Similarly, tweets using familial words such as “future-in-laws” and “children” jumped by 219 percent after the proposal (although men tended to wait until after marriage to tweet family-based words).

The study also noticed that men and women gush about each other differently.

The most frequent terms used by females when tweeting about their significant other were tied to emotion (for example, they “love” their “wonderful” fiancé). Men are more likely to use physical descriptors such as sexy, beautiful or gorgeous when talking about their fiancée.

De Choudhury and co-author Michael Massimi also noticed that engaged people are much more likely to think and tweet about the future. Instead of using past-tense verbs, future-tense verbs surged by 62 percent after engagement.

“People are more likely to post that they ‘are going on a date night tonight’ rather than tweeting that they already did so, ” said Massimi, a former postdoctoral fellow at Microsoft Research Cambridge. “They’re looking forward to the future in their real lives and boasting about it on social media too.”

This is the first empirical study of engagement in social media.
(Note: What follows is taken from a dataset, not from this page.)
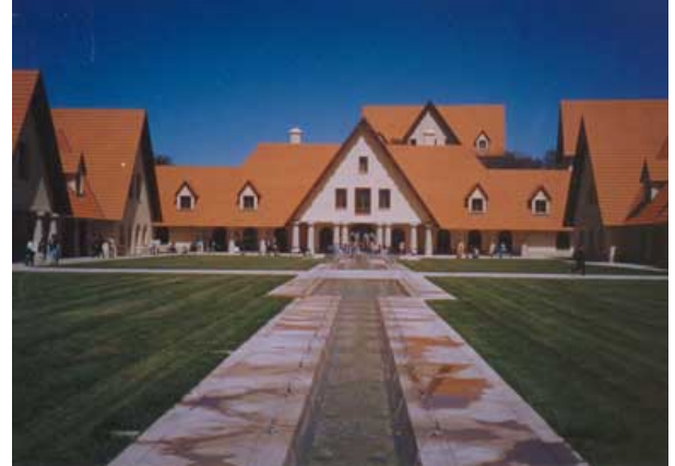
Al Akhawayn University Ifrane

During the workshop the preliminary results of GO-EuroMed 2nd stage research were discussed. The consortium also worked on further developing the project's overall message, tailoring all working papers within the political economy approach. Finally, the consortium also worked on its strategy for disseminating its results, planning PALMs and conferences for the remainder of the project. All partners agreed on strengthening communication with the national delegations of the European Union in their countries. The workshop concluded with a visit to the ancient city of Fes.

It centered on the anthropological concept of liminality – a phase people undergo when they transition from one role in society to another.

“Twitter can be a powerful tool that can mirror our thoughts and how we’re actually feeling, ” said de Choudhury, who has done similar social media studies on mothers and postpartum depression. “This isn’t based on what they told us they did. It’s a reliable record ¬- it’s what they actually did.”